About Forest Road Acquisition Corp.
Forest Road Acquisition Corp., a blank check company formed for
the purpose of effecting a merger, capital stock exchange, asset
acquisition, stock purchase, reorganization or similar business
combination with one or more businesses, raised $300 million in
November 2020 and its securities are listed on the NYSE under the
tickers “FRX,” “FRX.U” and “FRX WS.” The Forest Road team includes
three former Disney senior executives — Tom Staggs, director and
Chairperson of the Strategic Advisory Committee, Kevin Mayer,
strategic advisor and Salil Mehta, Chief Financial Officer — and is
strengthened by the strategic connectivity and deal-making
expertise of directors, officers and strategic advisors like
Shaquille O'Neal, Peter Schlessel, Keith Horn, Sheila Stamps,
Teresa Miles Walsh and Martin Luther King III. For more
information, please visit https://www.spacroadone.com/.

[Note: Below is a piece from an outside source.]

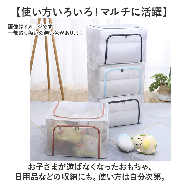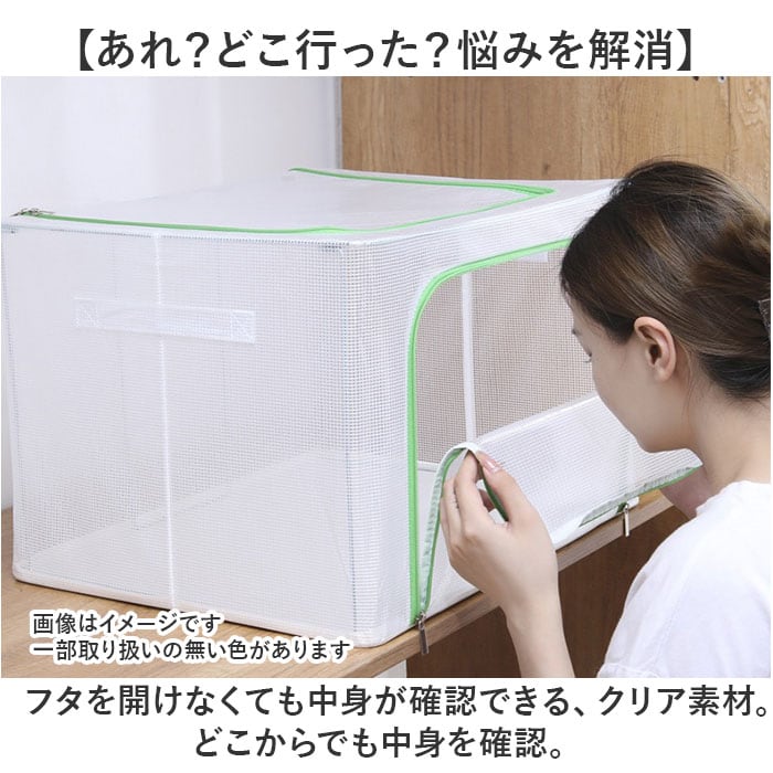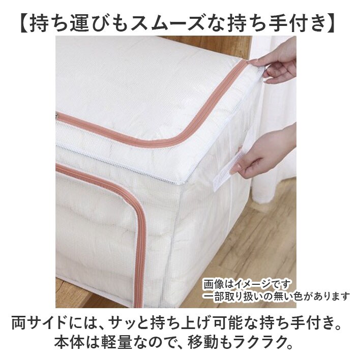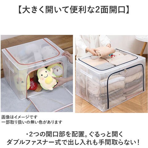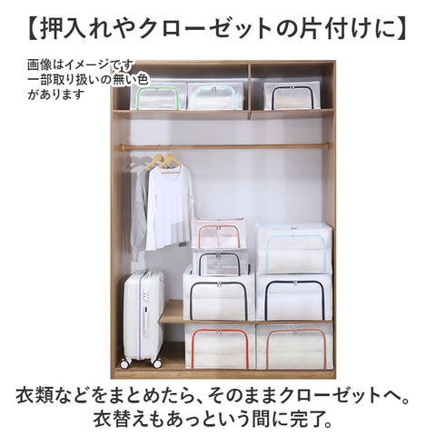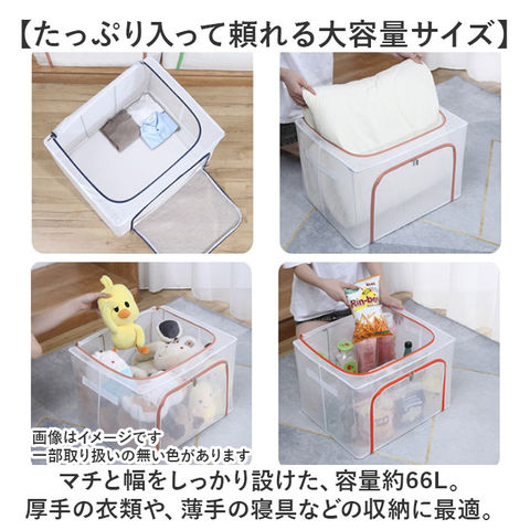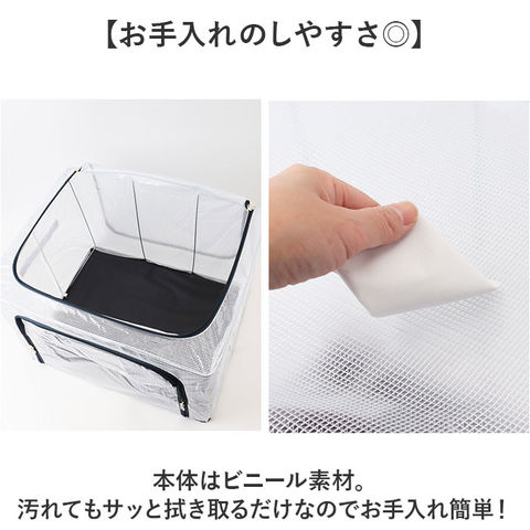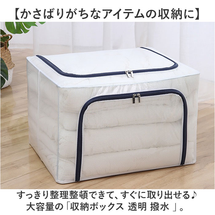 | 商品説明 | 【かさばりがちなアイテムの収納に】すっきり整理整頓できて、すぐに取り出せる♪大容量の「収納ボックス 透明 はっ水 」。【たっぷり入って頼れる大容量サイズ】マチと幅をしっかり設けた、容量約66L。厚手の衣類や、薄手の寝具などの収納に最適。【あれ?どこ行った?悩みを解消】フタを開けなくても中身が確認できる、クリア素材。どこからでも中身を確認。【大きく開いて便利な2面開口】・2つの開口部を配置。ぐるっと開くダブルファスナー式で出し入れも手間取らない!【へたりにくくスタッキングも安心】内側には折りたたみ式のフレーム。3辺を固定できて型崩れしにくく、積み重ねOK。【持ち運びもスムーズな持ち手付き】両サイドには、サッと持ち上げ可能な持ち手付き。本体は軽量なので、移動もラクラク。【お手入れのしやすさ◎】本体はビニール素材。汚れてもサッと拭き取るだけなのでお手入れ簡単!【使い方いろいろ!マルチに活躍】お子さまが遊ばなくなったおもちゃ、日用品などの収納にも。使い方は自分次第。【押入れやクローゼットの片付けに】衣類などをまとめたら、そのままクローゼットへ。衣替えもあっという間に完了。【使わない時はスリムにまとまる】嬉しい折りたたみ式ボックス。使わない時も収納場所に困らない! |

Forward Looking Statements
This press release contains certain forward-looking statements
within the meaning of the federal securities laws with respect to
the proposed transaction between Beachbody, Myx and FRX, including
statements regarding the anticipated benefits of the transaction,
the anticipated timing of the transaction, future financial
condition and performance of The Beachbody Company and expected
financial impacts of the transaction (including future revenue, pro
forma equity value and cash balance), the satisfaction of closing
conditions to the transaction and the concurrent PIPE transaction,
the level of redemptions by FRX’s public stockholders and the
products and markets and expected future performance and market
opportunities of The Beachbody Company. These forward-looking
statements generally are identified by the words "believe,"
"project," "expect," "anticipate," "estimate," "intend,"
"strategy," "future," "opportunity," "plan," "may," "should,"
"will," "would," "will be," "will continue," "will likely result"
and similar expressions. Forward-looking statements are
predictions, projections and other statements about future events
that are based on current expectations and assumptions and, as a
result, are subject to risks and uncertainties. Many factors could
cause actual future events to differ materially from the
forward-looking statements in this press release, including but not
limited to: (i) the risk that the transaction may not be completed
in a timely manner or at all, which may adversely affect the price
of FRX’s securities, (ii) the risk that the transaction may not be
completed by FRX’s business combination deadline and the potential
failure to obtain an extension of the business combination deadline
if sought by FRX, (iii) the failure to satisfy the conditions to
the consummation of the transaction, including the approval of the
merger agreement by the stockholders of FRX, the satisfaction of
the minimum trust account amount following any redemptions by FRX’s
public stockholders and the receipt of certain governmental and
regulatory approvals, (iv) the lack of a third party valuation in
determining whether or not to pursue the proposed transaction, (v)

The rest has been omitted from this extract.